The need for scientists to communicate their work is a broader passion for Wigzell, who in the past has used the theatre to relate aspects of science to a lay audience. “Over 12 years the show was always sold out,” Wigzell recalls, adding that some of his colleagues and professors at the Karolinska thought his participation was inappropriate.

And it would be hard to find fault with Wigzell’s stellar academic record, which stretches from being named Norway’s Young Scientist of the Year in 1974 to receiving an honorary doctorate from the Feinstein Institute in New York last year.

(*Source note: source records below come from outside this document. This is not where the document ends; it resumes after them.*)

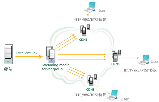 流媒体标准点播加速服务是将源站大量的流媒体内容(视频、声音和数据等)通过良好的链路传输到腾码网络流媒体专用存储设备中,并通过TenmaCDN网络本身具有的协同性能,同步分发或缓存到位于各地的TenmaCDN小网络中的专用流媒体访问服务器上,这些服务器位于各省市主要运营商网络节点。TenmaCDN网络中智能网络分配技术将终端用户对网站的请求指向响应效果最好的流媒体服务节点上,通过这些流媒体服务节点,向用户提供稳定可靠的流媒体点播服务。
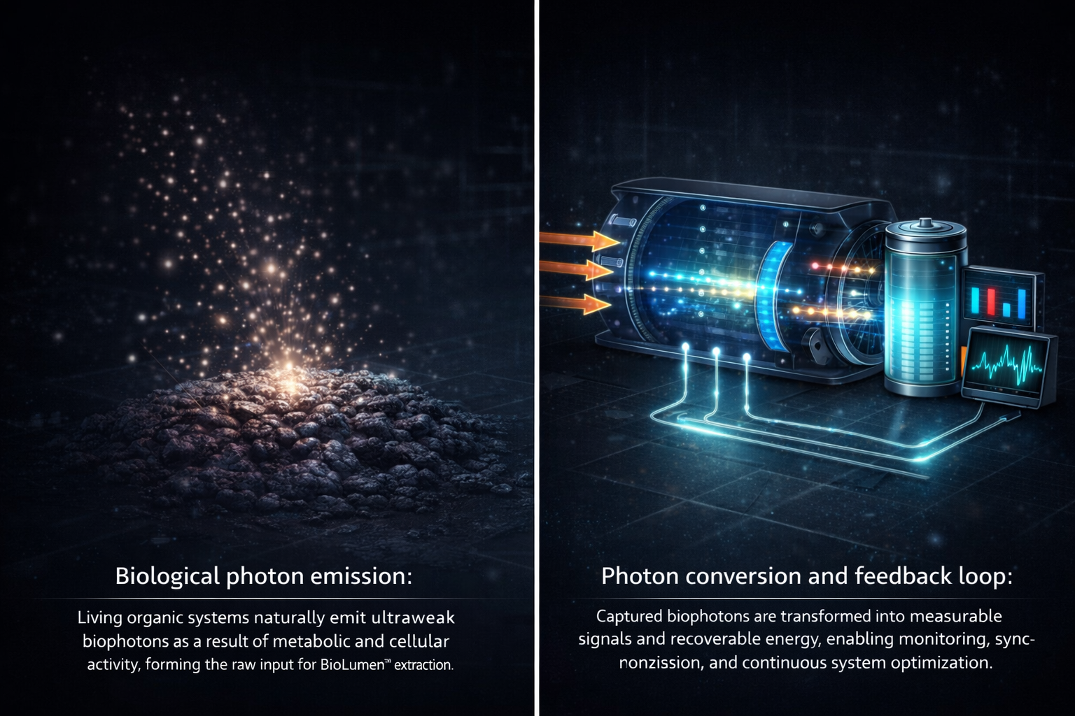 Non-invasive resonance technology for biological energy recovery through biophotonic extraction.
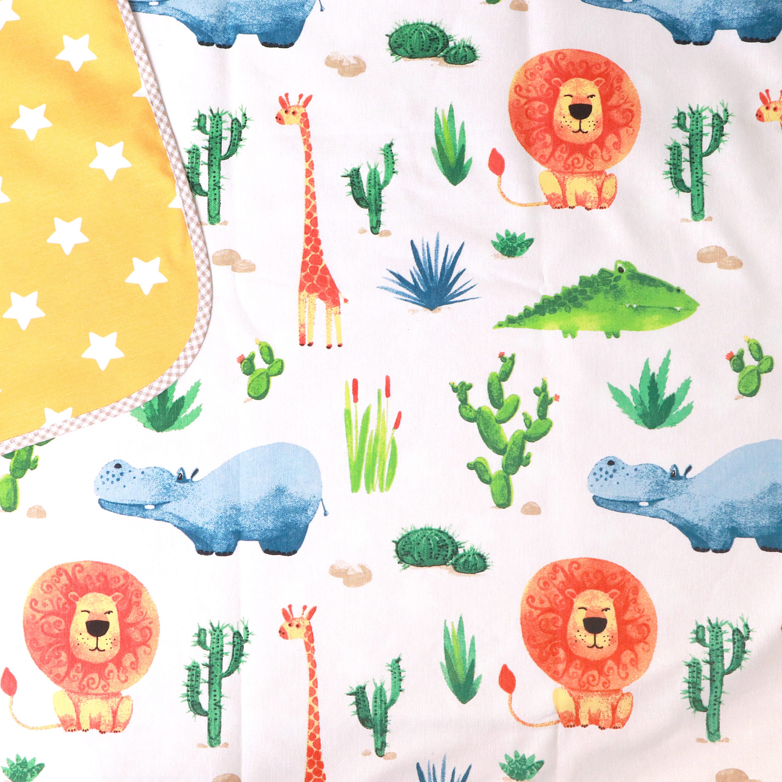 یکی از دغدغه‌های اصلی والدین، اختصاص دادن محیطی مجزا، تمیز و درعین‌حال کودکانه و جذاب برای بازی و غذا خوردن کودک است. کودک کنجکاو است، دست و صورتش به‌سرعت کثیف می‌شود و حفظ نظافت خانه گاهی چالش‌برانگیز است. زیرانداز غذا و بازی کودک با طراحی هوشمندانه و پارچۀ ارگانیک کتان داک ترک، پاسخی است به پرسش‌ها و دغدغه‌های نومادران. این زیرانداز با ایجاد یک محدودۀ مشخص، هم فضای امن بازی را فراهم می‌کند و هم از کثیف شدن فرش و خانه جلوگیری می‌کند. جنس کتان داک باعث می‌شود این زیرانداز ثابت بماند و کودک بتواند با خیال راحت بازی کند یا غذا بخورد.
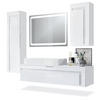 Stauraum: Das geräumige Badmöbelset Aloha bietet reichlich Platz für Ihre Badezimmerutensilien. Es umfasst einen hängenden Waschbeckenunterschrank mit einer Klappe und zwei Hängeschränke, die Ihnen zusätzlichen Stauraum bieten.
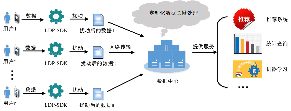 LDPDC服务以本地化差分隐私(Local Differential Privacy)[2]为核心技术,为用户提供端上的LDP-SDK,实现端上的数据的扰动处理。同时,配套提供了服务端的计算服务,对LDP-SDK采集的数据进行汇总分析。同样地,LDPDC面临以下挑战:
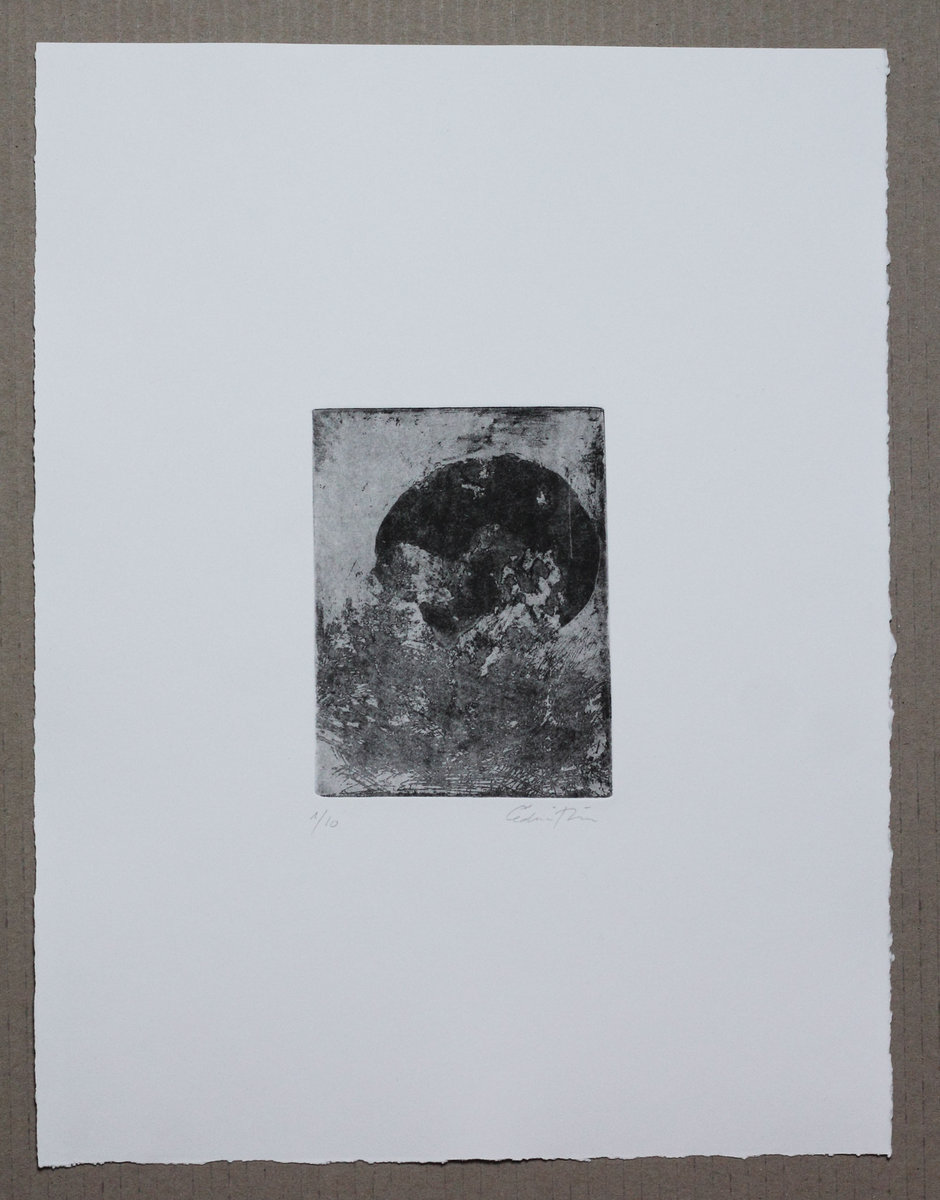 Black and white print on canvas textured paper with 23 carat gold leaf finish
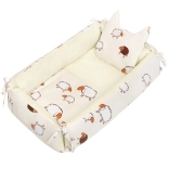 Multifunkcijsko otroško gnezdece New Baby Ovčke bež ustvarja dojenčku prijetno in varno okolje doma in na poti. Zahvaljujoč obojestranski izvedbi ga lahko preprosto prilagodite razpoloženju ali notranji opremi. Robovi povečajo občutek varnosti, preprečujejo prekotalitev iz gnezdeca in nudijo dodatno oporo.
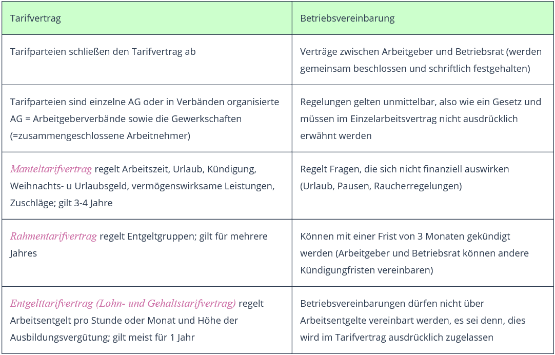 - Tarifverträge, Betriebsvereinbarungen, Dienstvereinbarungen
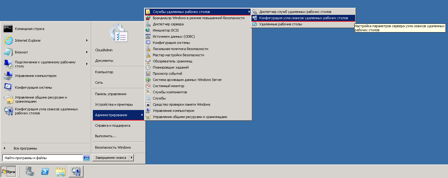 Настройка с помощью конфигурации служб удаленного рабочего стола

As professor of immunology since 1981 and author of over 700 scientific papers, Wigzell has benefited from public spending on research and has always defended basic research staunchly, both for its curiousity value and for the potential longer-term commercial rewards. “It’s an additional joy for me that technology transfer demonstrates the value of basic science, with no reduction in academic freedom.”

This, says Wigzell, “is the best defence there is for basic science. If it never led to anything that improved the life of citizens, who would ever invest in it?

For most, turning basic science into products requires a touch of alchemy. But for Wigzell technology transfer can be a precise art. “Many universities in Europe and the US may fail [in tech transfer], but that is because they are not professionalised in doing it.”

Still, he acknowledges it is “very complicated” establishing a sustainable company. In particular, the changing business models and objectives of the pharmaceutical industry make it hard to groom start-ups and set them on their course.

“Right now it’s chaos. But the thing to remember is that the most successful companies come from the top science. And you need fantastic scientific expertise to be part of any venture.”